Upolu is an island in Samoa, formed by a massive basaltic shield volcano which rises from the seafloor of the western Pacific Ocean. The island is 75 km long and 1125 km2 in area, making it the second largest of the Samoan Islands by area. With approximately 145,000 inhabitants, it is by far the most populous of the Samoan Islands. Upolu is situated to the southeast of Savai'i, the "big island". Apia, the capital, is in the middle of the north coast, and Faleolo International Airport at the western end of the island. The island has not had any historically recorded eruptions, although there is evidence of three lava flows, dating back only to between a few hundred and a few thousand years ago.

In the Samoan branch of Polynesian mythology, Upolu was the first woman on the island.

James Michener based his character Bloody Mary in Tales of the South Pacific (later a major character in the Rodgers and Hammerstein musical, South Pacific) on the owner of Aggie Grey's Hotel on the south end of the island. She was still running the hotel in 1960. A branch was later opened in Apia, overlooking the harbor.

==History==
In 1841, the island was the site of the Bombardment of Upolu, an incident during the United States Exploring Expedition.

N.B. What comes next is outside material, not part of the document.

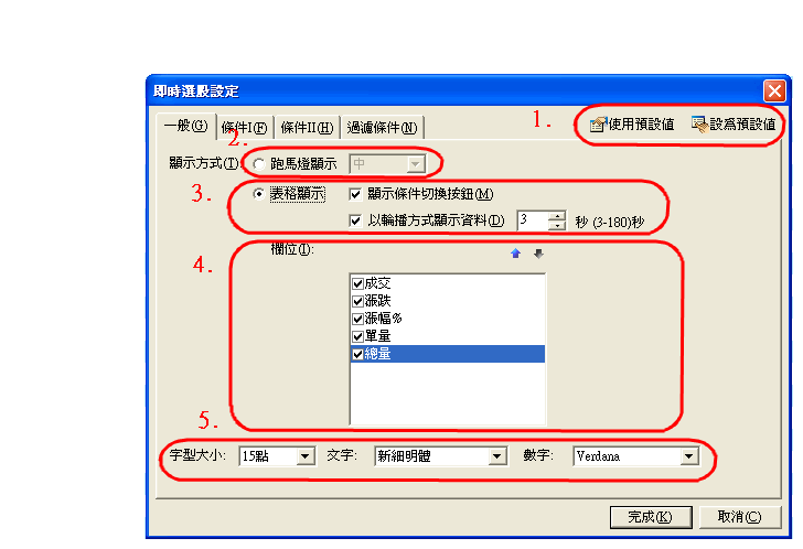 - 顯示切換按鈕︰在下方出現頁籤,以方便切換不同的選股條件。

In the late 19th century, the Scottish writer Robert Louis Stevenson owned a 400 acre estate in the village of Vailima in Upolu. He died there in 1894 and is buried at the top of Mount Vaea overlooking his former estate. The Vailima estate was purchased in 1900 to serve as the official residence for the German governor of German Samoa. When the British/Dominion took over governance of the islands, they confiscated the estate and put it to the same use. It later served as the residence for the New Zealand administrator and, after independence, for the Samoan head of state. During World War II, the US Navy built Naval Base Upolu on the island.

===2009 Samoa tsunami===

The island of Upolu was hit by a tsunami at 06:48:11 local time on 29 September 2009 (17:48:11 UTC). Twenty villages on Upolu's south side were reportedly destroyed, including Lepā, the home of Samoa's prime minister, Tuila'epa Sa'ilele Malielegaoi. In Lepā, only the church and the village's welcome sign remained standing after the disaster.

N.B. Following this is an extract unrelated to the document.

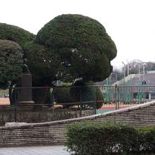 舞鶴公園の敷地内にある野外の陸上競技場です。競技場を囲むように福岡城跡の石垣や櫓が見えます。周りは観客席と言うか芝生が敷き詰められています。ちょっと勾配の緩いすり鉢の底のような感じでトラックがありました。

===2024 HMNZS Manawanui sinking===

On 5 October 2024 the Royal New Zealand Navy ship HMNZS Manawanui ran aground and sank off the coast of Siumu on the southern coast of Upolu. The Manawanui had been surveying a nearby reef and was caught up in a storm. The sinking of the Manawanui polluted the surrounding sea and disrupted the livelihoods of local communities in the Safata district, who were unable to fish due to restrictions around the wreckage site. The Samoan and New Zealand authorities were criticised by local villagers for a lack of compensation and engagement with local communities. This led local villagers to seek financial assistance from the Chinese Embassy in Apia.

On 12 February 2025 the Samoan Government lifted a "precautionary zone" around the wreckage of HMNZS Manawanui following testing by the Scientific Research Organisation of Samoa (SROS). However, a two km prohibition zone around the sunken ship remained in force.

==Wildlife==
The Samoan moss spider (Patu marplesi), an extremely small species of spider, lives on Upolu. According to the Guinness Book of World Records, the spider is the size of a period (full stop) on a printed page.

==Depictions in popular culture==
Upolu was the filming location for the 1953 South Seas film Return to Paradise, starring Gary Cooper.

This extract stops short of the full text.